> _Task objective_: Output nothing except the lines from the one containing "Charming Crochet Snowman" through the final line of the data, both included, typed exactly, minus the pictures.

◇ ◇ ◇ ◇

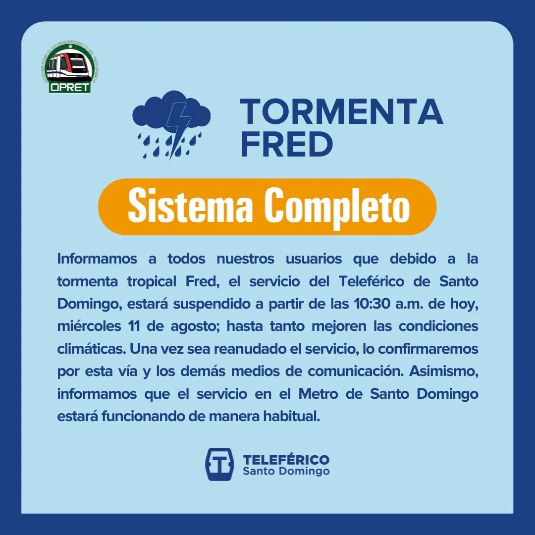 Mediante un comunicado indicó que el servicio estará suspendido hasta que mejoren las condiciones climáticas. Añadió que el Metro de Santo Domingo funcionará de manera habitual.“Una vez sea reanudado el servicio, (del Teleférico) lo confirmaremos de manera inmediata por Twitter y los demás medios de comunicación”, resaltó.
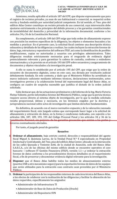 La Fiscalía allanó las oficinas del Banco Atlas en el Atlas Center, barrio Villa Morra de Asunción, dentro de la causa por presunto plagio del core bancario de la firma ITTI. El procedimiento fue dirigido por el fiscal Miguel Quintana, de Propiedad Intelectual, con autorización del juez de Delitos Económicos Rodrigo Estigarribia. La medida se encuadra como otro capítulo penal contra la entidad del Grupo Zuccolillo.
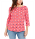 Top feminino com estampa de gola canoa Charter Club, vermelho, tamanho médio
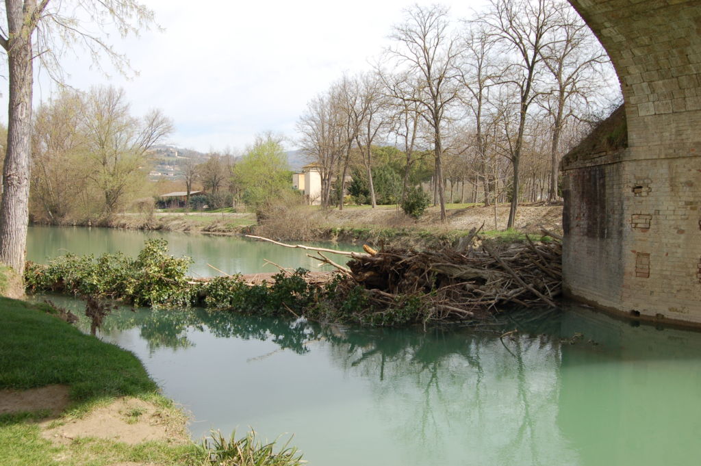 A pochi passi di distanza vi è un altro esempio inammissibile di degrado: il ponte sul Chiascio. Al rigonfiamento della struttura muraria che si affaccia su Via del Castello, alle pietre sconnesse e all’infiltrazione di acqua piovana sotto le arcate, oramai a conoscenza di tutti, negli ultimi tempi si è aggiunto un nuovo esempio di incuria: giorno dopo giorno, settimana dopo settimana, numerosi tronchi si sono incagliati sui piloni formando una vera e propria diga, la quale impedisce il normale scorrimento del fiume e può diventare causa di esondabilità in caso di piena.
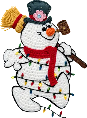Charming Crochet Snowman DTF Transfer with Christmas Lights
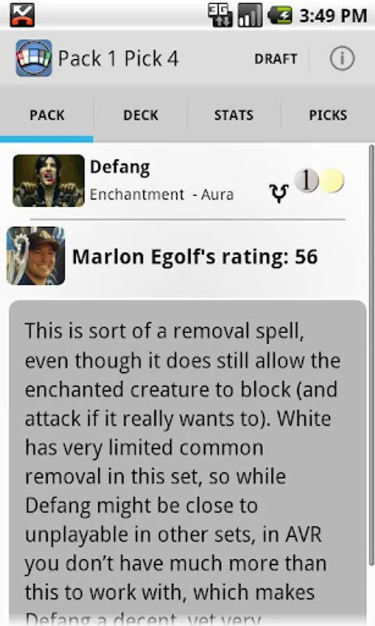 Making the right draft pick is never easy, but for the first time ever you're not alone. Marlon Egolf, DraftMagic.com columnist and Grand Prix Boston 2009 Champion, provides a full strategy analysis for each Magic card contained within the app. Guest writers include Timothy Landale, Grand Prix Kansas City 2008 Champion and Darwin Kastle, Magic Pro Tour Hall of Famer. Improve your strategy skills with the help of these card ratings, which give a detailed look into the power level of each card. Their expert ratings are also used to tune the A.I. opponents, making Decked Drafter the closest experience to actually drafting with the pros, and an incredible strategy resource.

◇ ◇ ◇ ◇

> _Solution below_:
Charming Crochet Snowman DTF Transfer with Christmas Lights
 Making the right draft pick is never easy, but for the first time ever you're not alone. Marlon Egolf, DraftMagic.com columnist and Grand Prix Boston 2009 Champion, provides a full strategy analysis for each Magic card contained within the app. Guest writers include Timothy Landale, Grand Prix Kansas City 2008 Champion and Darwin Kastle, Magic Pro Tour Hall of Famer. Improve your strategy skills with the help of these card ratings, which give a detailed look into the power level of each card. Their expert ratings are also used to tune the A.I. opponents, making Decked Drafter the closest experience to actually drafting with the pros, and an incredible strategy resource.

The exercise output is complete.